The nursing profession is facing a crisis. While overall healthcare employee retention is a serious issue, the problem is critical in the nursing profession. It’s causing shortages throughout all healthcare settings, not just in hospitals. The scope of the problem is daunting: The U.S. Bureau of Labor Statistics (BLS) states that nearly 195,000 registered nurse positions are open each year.

Several factors are at the root of the nurse shortage and nurse staffing crisis.
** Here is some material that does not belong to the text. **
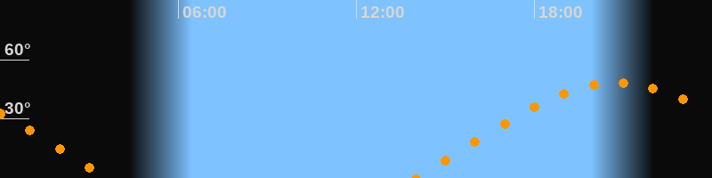 | Aufgang | 14:00 Uhr im Osten (αAz = 75,1°) |

Healthcare Employee Retention and High Turnover of New Nurses

Between 33.5% and 57% of new nurses leave the profession within the first three years, according to nursing expert Anne Dabrow Woods. These figures are from before the pandemic. Nurses may not receive adequate orientation at the start of their career, contributing to their decision to leave.

Shortage of Nursing School Faculty

According to the American Association of Colleges of Nursing (AACN), even though enrollment increased by 5% in 2019, U.S. nursing schools turned down more than 80,400 applicants that year due to a lack of faculty and other resources. If the education pipeline can’t train enough nurses, that puts pressure on the profession.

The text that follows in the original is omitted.